Several weeks passed and I failed to talk to Melanie about David and our holiday plans. We’d settled on a cruise that left from Southampton and went around the Mediterranean. I’d always wanted to go on a cruise but Jim had hated boats. Two other couples were going to come. I was growing increasingly excited about it all but needed to discuss it was Mel before booking. 

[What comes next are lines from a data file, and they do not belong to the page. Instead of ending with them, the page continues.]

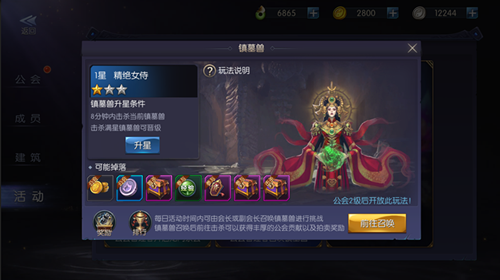 由会长开启,公会成员一起击杀召唤出来的公会BOSS之后获得奖励。
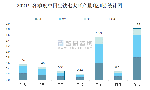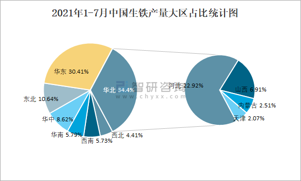 2021年1-7月中國生鐵產量為5.3億噸 華北地區產量最高(占比34.4%)
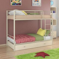 Материал каркаса: стальная труба. Все металлические элементы кровати покрыты износоустойчивой полимерной порошковой краской без запаха. Ступени лестницы из ЛДСП. Двухъярусную кровать можно собирать и разбирать неограниченное количество раз, и от этого она не потеряет в прочности и качестве. Гарантия производителя: 18 мес.
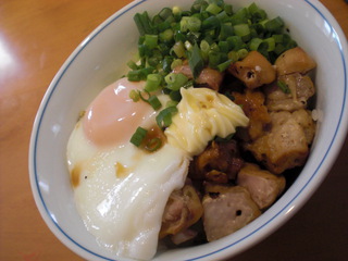 先日の昼ごはんですが…焼鳥丼。温泉卵がいい感じです。やる気があるときはこんな昼ごはんをすることもありますが、温泉卵だなんて…晩ごはんにもいいと思うなぁ。丼はガツガツっとかきこめるので、ちょっとオツカレな時にもいいですよね。ちなみに・・・今日の晩ご飯は「ポークチャップ」でございます。おいしいよ。玉ねぎすりおろしとニンニクすりおろしとケチャップとウスターソースとお酒に漬けこんでから焼くの。コチラをいつも参考にさせてもらってます。 シェフに褒められた♪母のポークチャップ by 874さらに玉ねぎなんかも一緒に炒めてボリュームアップ。・・・そうちゃんには何食べさそうか…。今日はないなぁ…。軽く卵炒めてポークチャップのたれを絡めるか。つけあわせは白菜サラダです☆野菜高いからなぁ…。毎晩御苦労さまです。子供たちとお風呂に入ってからとっかかります。
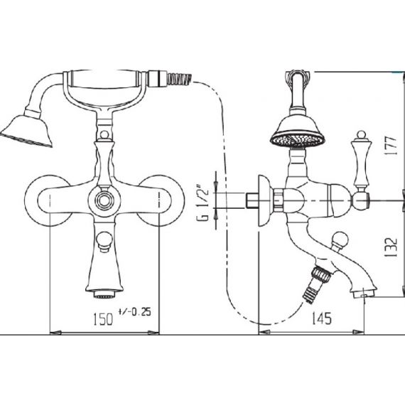 Оснащение: душевой шланг металлический, душевая лейка (латунь), аэратор, дивертор, универсальный установочный комплект

One Friday Mel popped round to share a take away and watch a film when she unexpectedly mentioned going away. “I’ve been thinking mum. Do you fancy going to the Isle of Wight or maybe Spain? I could have a week off work and we could go away together.”

“Oh…I…Um….” I stammered.

“Don’t you like the idea? Obviously we’ll wait till your cast is off.”

“It’s not that love. It’s just I…Um…I might be going away already.”

“Really? With Pam? You didn’t mention it.” Mel said surprised,

“I’ve been meaning to tell you. I’ve meet a chap called David. We are planning to go away together. They’ll be six of us including Pam. It’s a cruise.” I blurted hurriedly feeling strangely nervous.

“You’re dating? How long?” Melanie said looking stunned,

“Um…about 6 months.” I said blushing,

“Mum! Why didn’t you tell me? That’s fantastic news. I’m delighted. Dad always said he didn’t want you to be alone. Where did you meet your fancy man then? Spill the beans. Did he have something to do with your fall?” she indicated my leg and grinned,

“Oh Mel I’m so glad you are pleased. I was worried about telling you. I met him a while ago through the community centre but it’s slowly developed. He’s a lovely man. We were at a salsa class when I fell.” I said smiling,

“What are you like?” Mel said laughing. She shook her head gently and sighed. “Mum I can’t believe you were worried about telling me. I’ve only ever wanted you to be happy. You’re too young to spend the rest of your life alone. I’d like to meet him though before you sail of into the sunset.”

We settled into a long conversation and I showed her some pictures. A week later following the removal of my cast we all got together and had a lovely evening meal. We poured over the brochure and I was delighted when Mel decided to join on us on the cruise with Pam’s daughter Kelly. I decided breaking my leg had been fate and said a silent thank you and began counting down the days till the now much anticipated cruise.